START ENTRIES SUPPLIED

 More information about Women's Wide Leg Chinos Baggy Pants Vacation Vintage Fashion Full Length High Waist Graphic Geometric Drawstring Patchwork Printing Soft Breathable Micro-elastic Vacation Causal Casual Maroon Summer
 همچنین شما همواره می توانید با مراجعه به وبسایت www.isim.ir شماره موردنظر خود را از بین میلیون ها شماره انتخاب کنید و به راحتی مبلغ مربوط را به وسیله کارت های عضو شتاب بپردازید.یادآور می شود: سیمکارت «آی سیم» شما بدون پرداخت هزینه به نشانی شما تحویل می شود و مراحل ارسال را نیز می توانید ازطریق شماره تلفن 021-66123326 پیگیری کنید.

END ENTRIES SUPPLIED
START ENTRIES SUPPLIED

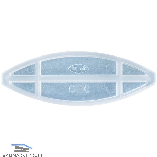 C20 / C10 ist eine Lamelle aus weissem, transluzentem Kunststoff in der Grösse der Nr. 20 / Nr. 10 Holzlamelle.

END ENTRIES SUPPLIED
START ENTRIES SUPPLIED

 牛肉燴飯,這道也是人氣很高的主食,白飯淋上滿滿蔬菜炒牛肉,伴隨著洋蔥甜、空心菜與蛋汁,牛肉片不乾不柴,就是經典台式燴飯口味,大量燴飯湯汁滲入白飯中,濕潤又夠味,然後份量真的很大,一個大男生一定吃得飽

END ENTRIES SUPPLIED

All lines in the listing above from the line containing "More information about" to the line containing "همچنین شما همواره", inclusive, should be retyped exactly; no other lines should appear.

 More information about Women's Wide Leg Chinos Baggy Pants Vacation Vintage Fashion Full Length High Waist Graphic Geometric Drawstring Patchwork Printing Soft Breathable Micro-elastic Vacation Causal Casual Maroon Summer
 همچنین شما همواره می توانید با مراجعه به وبسایت www.isim.ir شماره موردنظر خود را از بین میلیون ها شماره انتخاب کنید و به راحتی مبلغ مربوط را به وسیله کارت های عضو شتاب بپردازید.یادآور می شود: سیمکارت «آی سیم» شما بدون پرداخت هزینه به نشانی شما تحویل می شود و مراحل ارسال را نیز می توانید ازطریق شماره تلفن 021-66123326 پیگیری کنید.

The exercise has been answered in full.